- _TRY IT_:
Please set down only the lines below starting with the line with "- 当たり外れの偏りが起きると、体感で確率がおかしいと感じやすい" and going on through the line with "Мангал, Кованые Изделия, разборный, сборный, переносной, на", verbatim and without pictures.

- _DATASET EXCERPTS_:

○ ○ ○

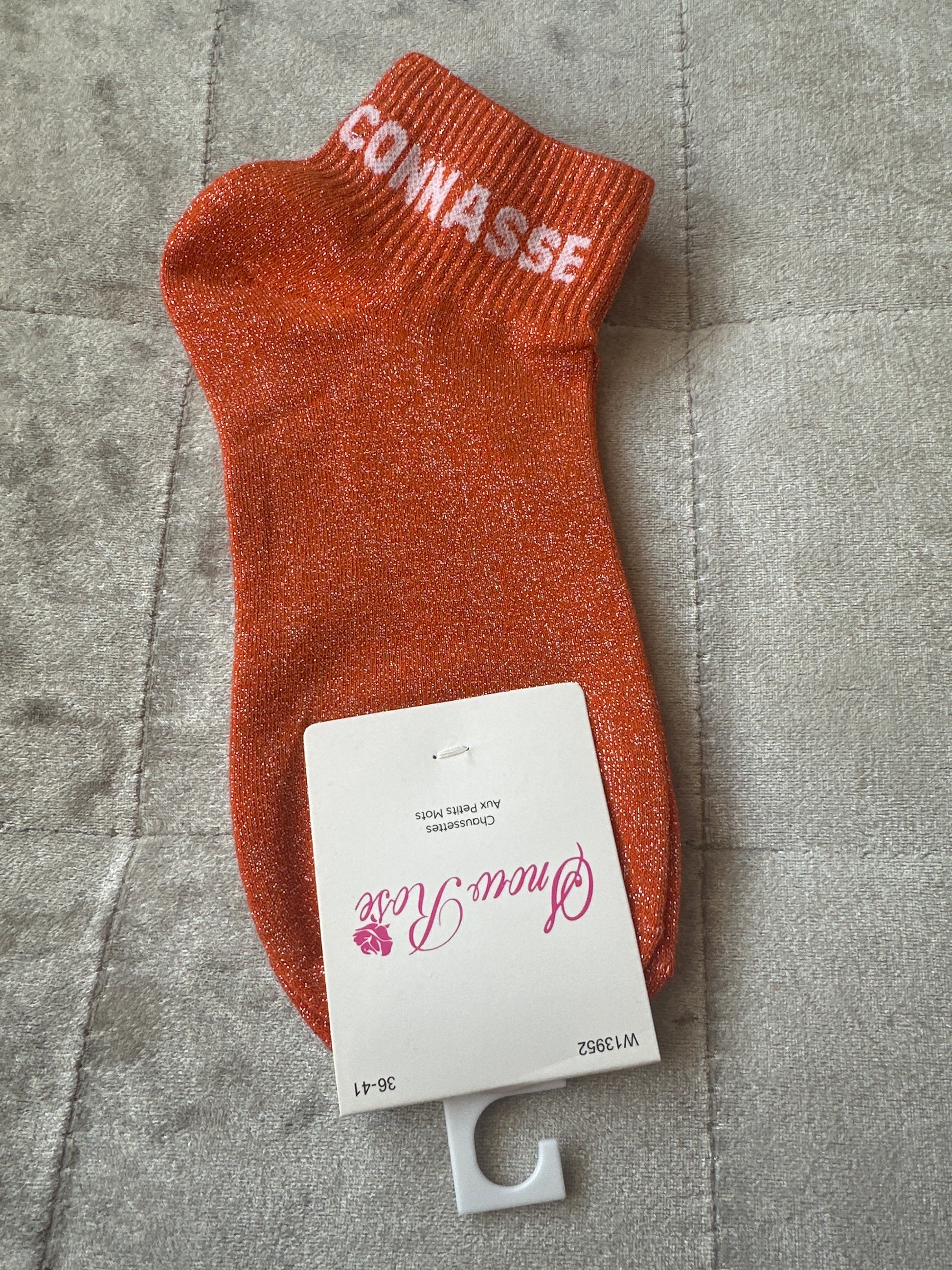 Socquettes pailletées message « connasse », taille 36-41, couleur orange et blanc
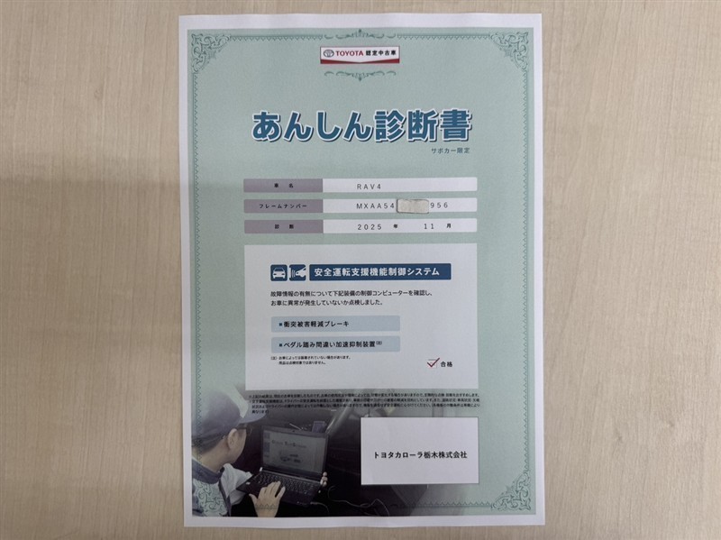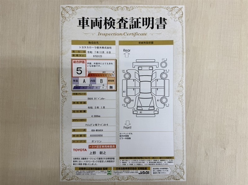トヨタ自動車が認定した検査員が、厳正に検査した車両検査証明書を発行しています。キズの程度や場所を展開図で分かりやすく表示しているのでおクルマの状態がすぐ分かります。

○ ○ ○

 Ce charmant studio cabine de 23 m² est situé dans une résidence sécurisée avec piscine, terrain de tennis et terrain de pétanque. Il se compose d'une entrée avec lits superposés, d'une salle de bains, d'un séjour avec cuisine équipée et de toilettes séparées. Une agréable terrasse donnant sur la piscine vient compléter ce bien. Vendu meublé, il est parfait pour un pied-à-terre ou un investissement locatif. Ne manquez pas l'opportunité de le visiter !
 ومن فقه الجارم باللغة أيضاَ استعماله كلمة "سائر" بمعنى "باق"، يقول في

○ ○ ○

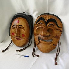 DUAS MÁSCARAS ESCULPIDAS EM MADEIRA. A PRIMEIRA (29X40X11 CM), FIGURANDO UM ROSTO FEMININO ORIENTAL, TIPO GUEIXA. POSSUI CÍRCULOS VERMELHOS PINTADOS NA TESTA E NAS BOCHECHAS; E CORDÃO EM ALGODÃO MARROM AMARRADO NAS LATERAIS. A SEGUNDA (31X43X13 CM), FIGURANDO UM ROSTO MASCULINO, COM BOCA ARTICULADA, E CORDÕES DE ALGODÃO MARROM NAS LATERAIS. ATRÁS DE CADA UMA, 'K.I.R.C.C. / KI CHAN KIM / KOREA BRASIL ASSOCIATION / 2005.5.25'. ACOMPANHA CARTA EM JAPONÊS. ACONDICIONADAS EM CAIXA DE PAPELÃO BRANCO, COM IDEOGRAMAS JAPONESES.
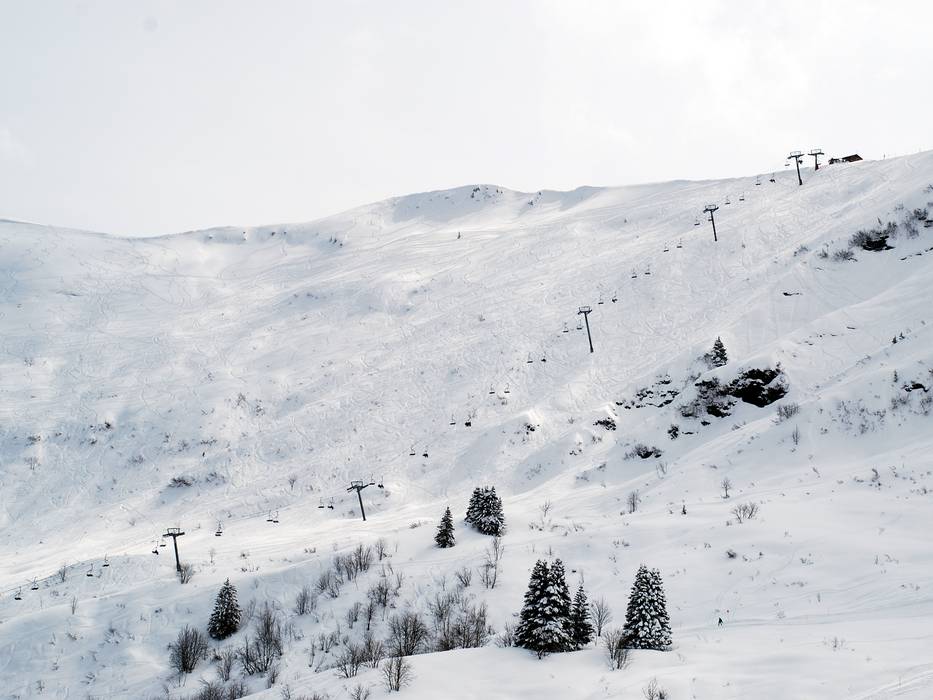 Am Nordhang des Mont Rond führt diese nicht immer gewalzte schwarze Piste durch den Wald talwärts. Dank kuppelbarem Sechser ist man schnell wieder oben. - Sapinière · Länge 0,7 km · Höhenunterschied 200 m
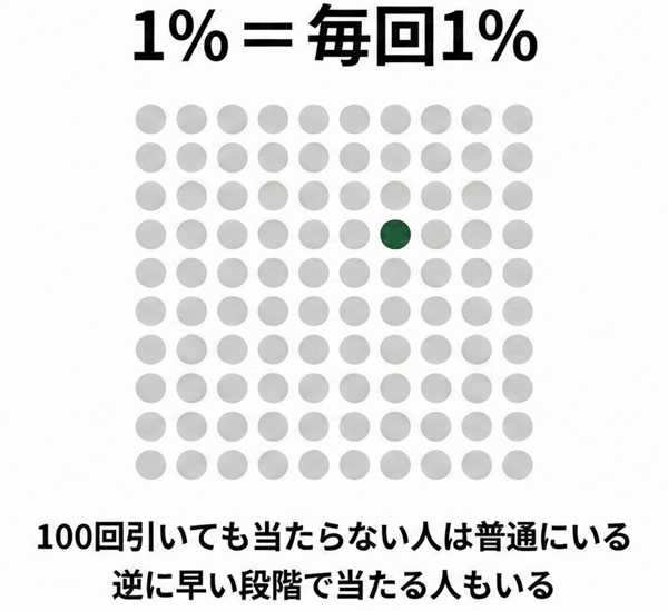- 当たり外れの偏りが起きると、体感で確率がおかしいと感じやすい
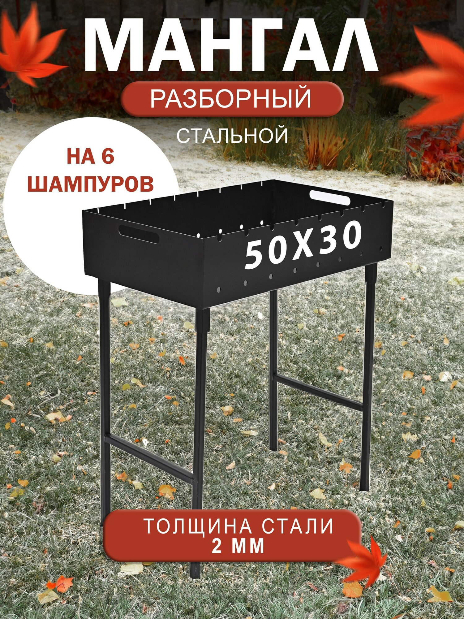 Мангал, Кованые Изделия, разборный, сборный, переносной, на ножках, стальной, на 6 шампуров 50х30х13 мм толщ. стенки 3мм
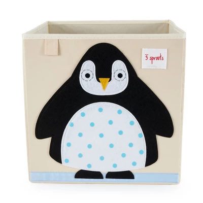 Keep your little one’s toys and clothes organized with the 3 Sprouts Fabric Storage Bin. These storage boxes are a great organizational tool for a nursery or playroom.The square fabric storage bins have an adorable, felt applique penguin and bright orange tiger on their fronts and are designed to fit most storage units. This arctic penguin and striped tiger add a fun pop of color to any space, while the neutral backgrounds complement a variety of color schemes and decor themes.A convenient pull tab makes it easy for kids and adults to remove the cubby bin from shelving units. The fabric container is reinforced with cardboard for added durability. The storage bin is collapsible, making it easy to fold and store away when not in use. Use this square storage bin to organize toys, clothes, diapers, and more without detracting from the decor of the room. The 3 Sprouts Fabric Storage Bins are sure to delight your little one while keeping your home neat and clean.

○ ○ ○

- _ANSWER TO THIS PROBLEM_:
- 当たり外れの偏りが起きると、体感で確率がおかしいと感じやすい
 Мангал, Кованые Изделия, разборный, сборный, переносной, на ножках, стальной, на 6 шампуров 50х30х13 мм толщ. стенки 3мм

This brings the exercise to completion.